1. "The Atomic Trinity" – Joshua Homme
2. "The Atomic Trinity vs. Heaven's Devils" – Marco Beltrami
3. "The Empty House" – Marco Beltrami
4. "The Couch" – Marco Beltrami
5. "Hanging (aka Ramble Off)" – Joshua Homme
6. "Margie's Confession" – Marco Beltrami
7. "The Atomic Trinity vs. Heaven's Devils, Round II" – Marco Beltrami
8. "St.
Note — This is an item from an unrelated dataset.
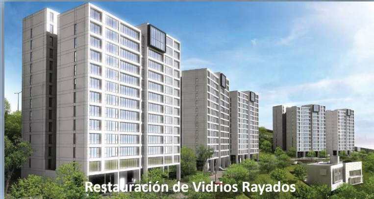
Restauración de Vidrios Rayados

Residencial Alta Vitta Lomas Verdes, Edo Méx.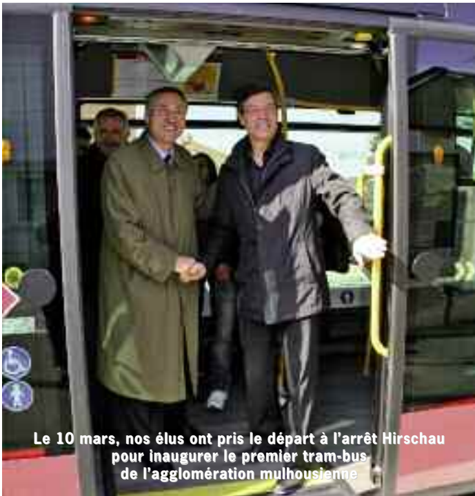
Le 10 mars, nos élus ont pris le départ à l'arrêt Hirschau pour inaugurer le premier tram-bus de l'agglomération mulhousienne

Au nombre de 5, les premiers véhicules nouvelle génération de l'agglomération mulhousienne commencent à circuler sur la ligne 4 du réseau Soléa. Performante et attractive, cette ligne a permis d'améliorer considérablement le service de transport proposé aux habitants de Kingersheim. Les premiers résultats de fréquentation sur l'axe le prouvent.

Agatha" – Marco Beltrami
9. "On the Road Again" – Canned Heat
10. "Francis and Margie" – Joshua Homme
11. "Stoned" – Joshua Homme
12. "Dead Dog, Part II" – Marco Beltrami
13. "Skeleton Boy is Born" – Marco Beltrami
14. "Do for the Others" – Stephen Stills
15. "Story of the Fish" – Marco Beltrami
16. "For the Gods / Act Like Cougars" – Marco Beltrami
17. "Torn Apart" – Marco Beltrami
18. "Someone is Coming" – Marco Beltrami
19. "Eulogy" – Marco Beltrami
20. "All the Same" – Joshua Homme

==Reception ==
Rotten Tomatoes gives the film a rating of 76% based on 106 reviews, with an average rating of 6.5/10. The website’s critics consensus states: "The inter-cutting of animation by Spawn's creator, Todd McFarlane, doesn't always work, but the performances by the young actors capture the pains of growing up well." On Metacritic, which assigns a weighted mean rating out of 100 reviews from film critics, the film has a score of 69 out of 100, based on 31 critics, indicating "generally favorable reviews".

Stephen Holden of The New York Times called it a "bracingly truthful" coming-of-age film that "digs into the flaming recesses of the adolescent mind with such acuity, compassion and good humor that it will plummet you back to that painfully awkward age". Holden noted that "the movie struggles to compare the boys' comic-book vision with William Blake's Songs of Innocence and Songs of Experience, [which becomes] its one glaringly off-key note."

Roger Ebert gave the film two and a half stars out of four, calling it "an honorable film with good intentions." Ebert went on to say that the screenplay is trying too hard to impress and falls short of achieving the "emotional payoff" it is searching for.

A vocal fan of the animated sequences was Armond White of New York Press, who singled them out for praise.

== Accolades ==
In 2002, director Care won the award for Best New Filmmaker from the Boston Society of Film Critics. In 2003, the film won the Independent Spirit Award for Best First Feature.